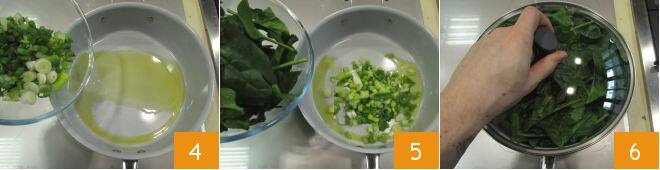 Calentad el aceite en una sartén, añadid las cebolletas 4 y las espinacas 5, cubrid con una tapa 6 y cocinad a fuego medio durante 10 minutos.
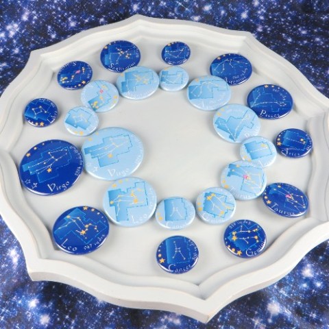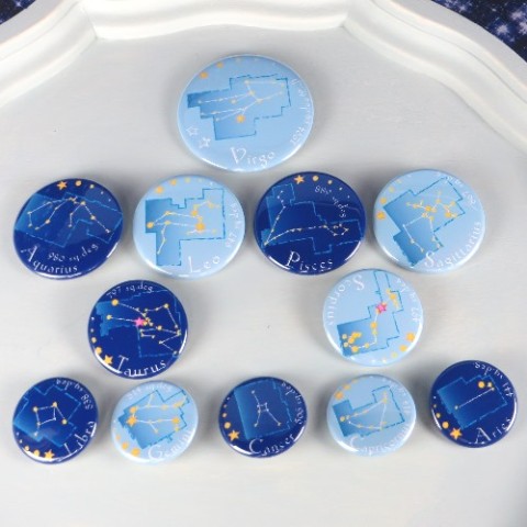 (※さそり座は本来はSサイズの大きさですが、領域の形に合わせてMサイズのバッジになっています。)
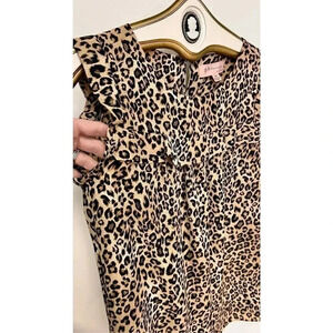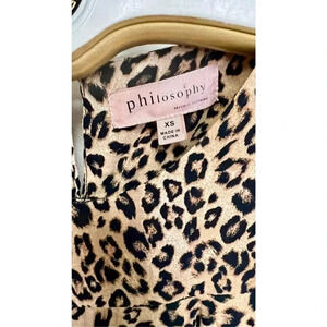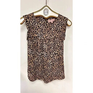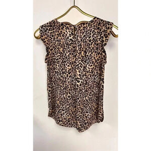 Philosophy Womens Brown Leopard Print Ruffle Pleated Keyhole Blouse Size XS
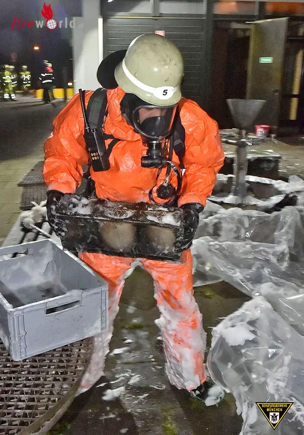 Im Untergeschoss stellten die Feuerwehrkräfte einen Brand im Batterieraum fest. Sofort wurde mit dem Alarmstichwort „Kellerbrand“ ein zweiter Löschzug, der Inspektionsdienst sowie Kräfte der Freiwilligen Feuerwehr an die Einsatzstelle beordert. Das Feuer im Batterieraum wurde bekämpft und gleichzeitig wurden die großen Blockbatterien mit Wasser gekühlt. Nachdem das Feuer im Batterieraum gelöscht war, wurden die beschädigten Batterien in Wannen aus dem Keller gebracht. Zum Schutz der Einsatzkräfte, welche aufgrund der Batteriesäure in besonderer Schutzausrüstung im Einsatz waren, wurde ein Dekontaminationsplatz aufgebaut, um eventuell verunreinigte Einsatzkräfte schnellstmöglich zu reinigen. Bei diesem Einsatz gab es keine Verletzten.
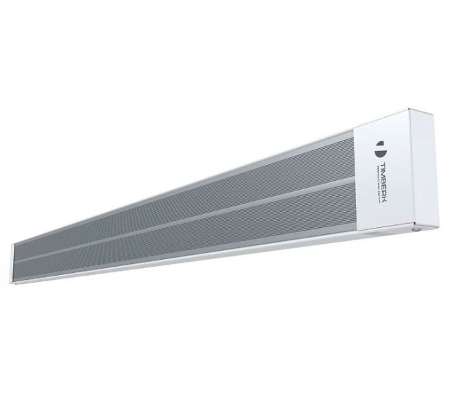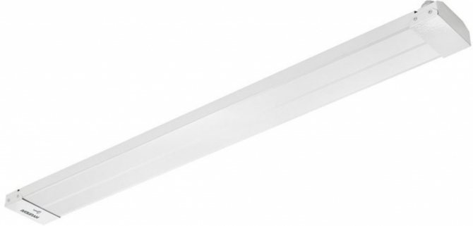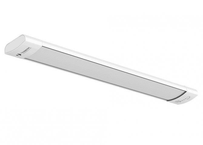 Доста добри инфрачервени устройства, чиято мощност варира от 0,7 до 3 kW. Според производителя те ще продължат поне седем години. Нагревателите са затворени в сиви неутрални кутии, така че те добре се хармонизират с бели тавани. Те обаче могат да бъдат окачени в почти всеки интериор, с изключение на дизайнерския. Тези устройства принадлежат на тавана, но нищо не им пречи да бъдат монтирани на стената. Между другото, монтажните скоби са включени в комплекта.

▶ What the exercise asks:
Word for word, set down every line of the records above, and leave the pictures out.

▶ Task response:
 Calentad el aceite en una sartén, añadid las cebolletas 4 y las espinacas 5, cubrid con una tapa 6 y cocinad a fuego medio durante 10 minutos.
 (※さそり座は本来はSサイズの大きさですが、領域の形に合わせてMサイズのバッジになっています。)
 Philosophy Womens Brown Leopard Print Ruffle Pleated Keyhole Blouse Size XS
 Im Untergeschoss stellten die Feuerwehrkräfte einen Brand im Batterieraum fest. Sofort wurde mit dem Alarmstichwort „Kellerbrand“ ein zweiter Löschzug, der Inspektionsdienst sowie Kräfte der Freiwilligen Feuerwehr an die Einsatzstelle beordert. Das Feuer im Batterieraum wurde bekämpft und gleichzeitig wurden die großen Blockbatterien mit Wasser gekühlt. Nachdem das Feuer im Batterieraum gelöscht war, wurden die beschädigten Batterien in Wannen aus dem Keller gebracht. Zum Schutz der Einsatzkräfte, welche aufgrund der Batteriesäure in besonderer Schutzausrüstung im Einsatz waren, wurde ein Dekontaminationsplatz aufgebaut, um eventuell verunreinigte Einsatzkräfte schnellstmöglich zu reinigen. Bei diesem Einsatz gab es keine Verletzten.
 Доста добри инфрачервени устройства, чиято мощност варира от 0,7 до 3 kW. Според производителя те ще продължат поне седем години. Нагревателите са затворени в сиви неутрални кутии, така че те добре се хармонизират с бели тавани. Те обаче могат да бъдат окачени в почти всеки интериор, с изключение на дизайнерския. Тези устройства принадлежат на тавана, но нищо не им пречи да бъдат монтирани на стената. Между другото, монтажните скоби са включени в комплекта.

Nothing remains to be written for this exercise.